# The task
Return only the lines of the listing below that run from the line with "К слою с каменной" through the line with "正常情况下,延胡索行情应持续", both ends included, exactly as written.

# Records
——————
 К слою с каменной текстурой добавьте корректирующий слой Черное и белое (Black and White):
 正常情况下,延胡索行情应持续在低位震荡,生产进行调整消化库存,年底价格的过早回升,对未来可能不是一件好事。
——————
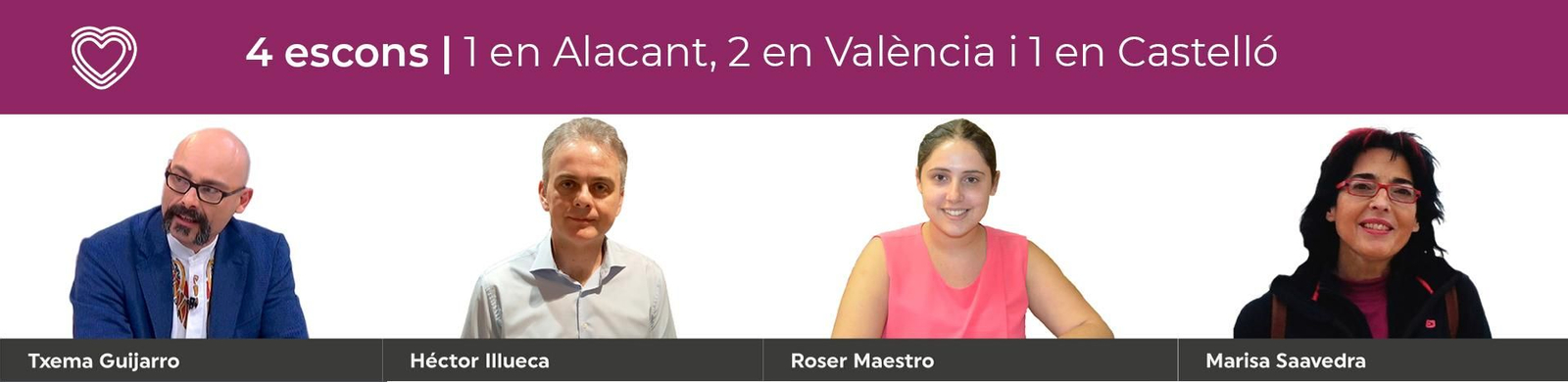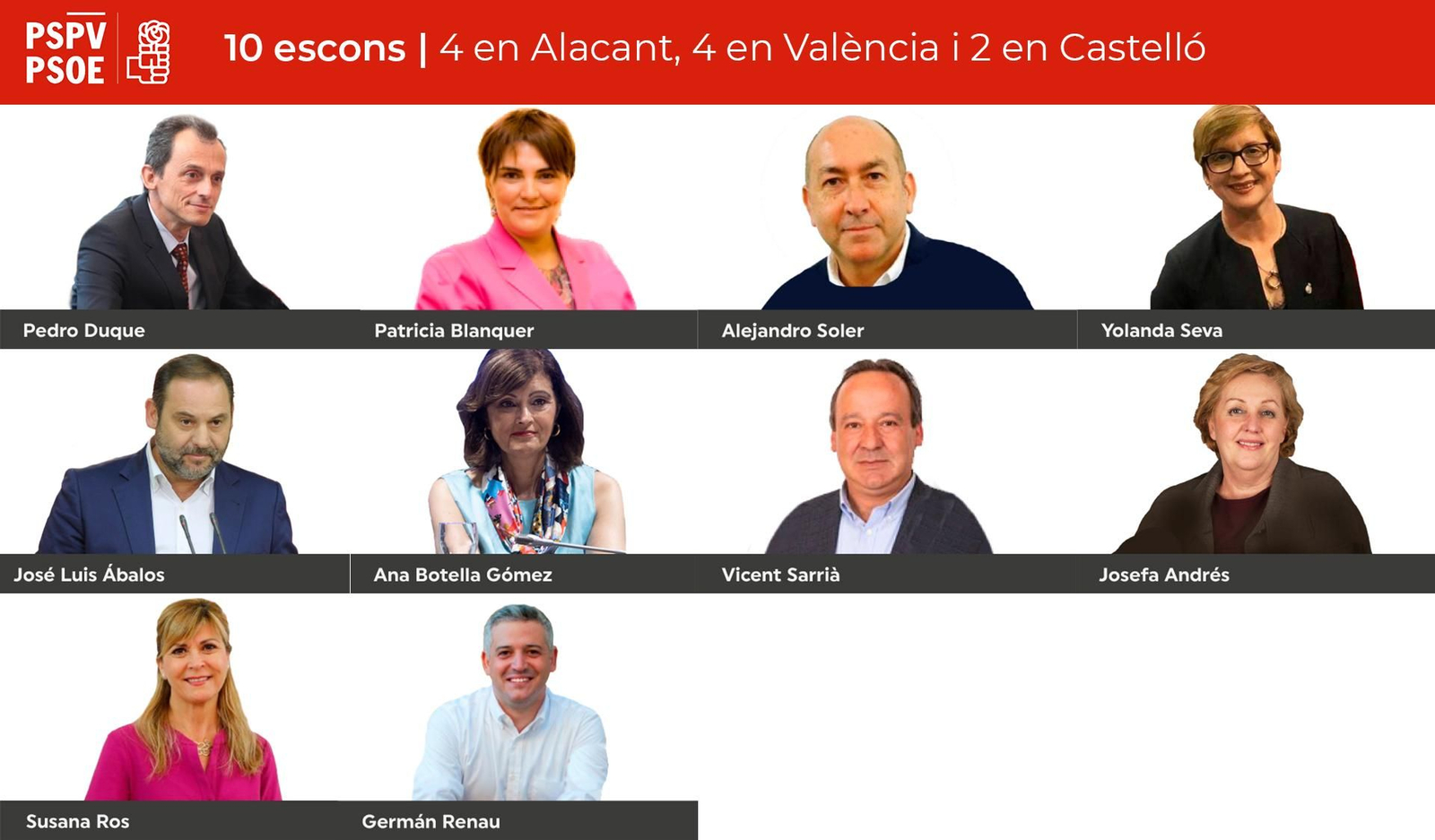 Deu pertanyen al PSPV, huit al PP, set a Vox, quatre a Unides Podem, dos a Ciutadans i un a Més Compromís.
——————
# Answer section
 К слою с каменной текстурой добавьте корректирующий слой Черное и белое (Black and White):
 正常情况下,延胡索行情应持续在低位震荡,生产进行调整消化库存,年底价格的过早回升,对未来可能不是一件好事。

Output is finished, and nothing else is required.